The supposed latitude of the observer in [Plate IX.] is 40° N., a latitude considerably to the north of any part of India; but it is to be remembered that the Indra-Vritra myth cannot be claimed with any certainty as a purely and originally Indian myth, for, as Macdonell points out (as quoted above), there is a probability that “the Indo-Iranian period possessed a god approaching to the Vedic form of the Vrtra-slaying Indra,” and that “it is even possible that beside the thundering god of heaven, the Indo-European period may have known as a distinct conception a thunder-god, gigantic in size, a mighty eater and drinker, who slays the dragon with his lightning bolt.”[59]
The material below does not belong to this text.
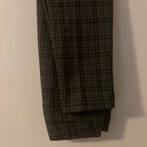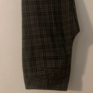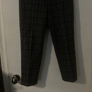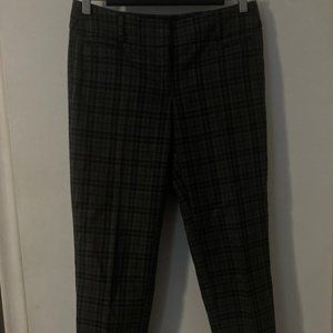 Charcoal and brown plaid Ann Taylor Loft straight leg trousers. Size 2. Poly / rayon / spandex. Machine washable. In very good pre-worn condition.Measurements: waist 16", rise 8.5", inseam 26"

For the origin of this world-wide myth, therefore, we should not look to the tropical Indian Zone; but it is in Indian latitudes that we should look for an explanation of the physical phenomena hymned by Vedic bards in the distinctly Indian development of the Indra-Vritra myth. I believe that in thus tracing the course of the Indra story from temperate to tropical latitudes, we shall find a reason for the contradictory attributes assigned to the demon Vritra, namely those of darkness and drought.
In northern latitudes winter is distinctly the dark season; in tropical India there is little or no perceptible difference between the darkness of winter and summer. But in India winter is distinctly the dry season. Midsummer is the all-important season of the rains. Indra’s conquest over Vritra, or the arrival of solstitial rains, marked by the disappearance of the constellation Hydra from the sky, was mythologically in the Vedas described as Indra’s conquest over the demon of drought, but still traditionally—for the power of tradition is great—even in India Indra retained the attributes of the conqueror over the demon of darkness.
PLATE X.
Portion of Sun at Summer Solstice, 3,000 B.C. Observer in Lat. 23° N.
Constellations between the lines H H Z and Z H H invisible all through the night of Summer Solstice.
[To face p. 121.
At [Plate X.] a drawing is given of the southern heavens and of the constellations—invisible at midsummer and visible at midwinter, above the horizon of an observer in latitude 23° N. at the date 3000 B.C., a thousand years later than the date referred to in [Plate IX.] For reasons which will appear more clearly when we come to the discussion of the Soma myth, it is to about this date that I would attribute the composition of many of the Vedic hymns.